Records from a collection:

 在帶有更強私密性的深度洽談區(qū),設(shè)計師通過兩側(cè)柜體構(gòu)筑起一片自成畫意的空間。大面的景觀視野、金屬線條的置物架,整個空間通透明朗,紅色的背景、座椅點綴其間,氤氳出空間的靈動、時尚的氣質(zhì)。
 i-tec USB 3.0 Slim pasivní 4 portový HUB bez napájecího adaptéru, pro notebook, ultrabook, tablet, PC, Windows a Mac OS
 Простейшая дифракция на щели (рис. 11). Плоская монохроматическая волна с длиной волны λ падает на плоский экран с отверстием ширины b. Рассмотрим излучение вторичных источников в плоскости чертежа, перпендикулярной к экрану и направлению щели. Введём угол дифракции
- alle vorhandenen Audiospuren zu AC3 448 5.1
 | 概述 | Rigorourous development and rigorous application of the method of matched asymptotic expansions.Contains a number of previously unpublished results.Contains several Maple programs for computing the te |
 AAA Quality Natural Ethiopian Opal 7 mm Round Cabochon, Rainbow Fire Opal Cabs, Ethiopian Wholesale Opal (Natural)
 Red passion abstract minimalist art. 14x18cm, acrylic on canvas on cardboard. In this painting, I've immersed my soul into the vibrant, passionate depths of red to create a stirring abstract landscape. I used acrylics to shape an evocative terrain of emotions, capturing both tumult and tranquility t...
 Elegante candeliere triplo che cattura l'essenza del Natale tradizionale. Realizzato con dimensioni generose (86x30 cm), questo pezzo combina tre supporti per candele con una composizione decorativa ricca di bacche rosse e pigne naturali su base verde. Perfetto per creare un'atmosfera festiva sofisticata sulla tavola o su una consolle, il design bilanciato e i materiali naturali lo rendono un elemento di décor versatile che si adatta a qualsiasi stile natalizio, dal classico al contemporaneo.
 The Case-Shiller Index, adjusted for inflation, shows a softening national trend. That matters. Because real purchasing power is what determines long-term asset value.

__Problem requirements__
The first line of the records begins the span, and the line containing "- alle vorhandenen Audiospuren zu AC3 448 5.1" ends it. Reproduce that span exactly, both ends included.

__Written answer__
 在帶有更強私密性的深度洽談區(qū),設(shè)計師通過兩側(cè)柜體構(gòu)筑起一片自成畫意的空間。大面的景觀視野、金屬線條的置物架,整個空間通透明朗,紅色的背景、座椅點綴其間,氤氳出空間的靈動、時尚的氣質(zhì)。
 i-tec USB 3.0 Slim pasivní 4 portový HUB bez napájecího adaptéru, pro notebook, ultrabook, tablet, PC, Windows a Mac OS
 Простейшая дифракция на щели (рис. 11). Плоская монохроматическая волна с длиной волны λ падает на плоский экран с отверстием ширины b. Рассмотрим излучение вторичных источников в плоскости чертежа, перпендикулярной к экрану и направлению щели. Введём угол дифракции
- alle vorhandenen Audiospuren zu AC3 448 5.1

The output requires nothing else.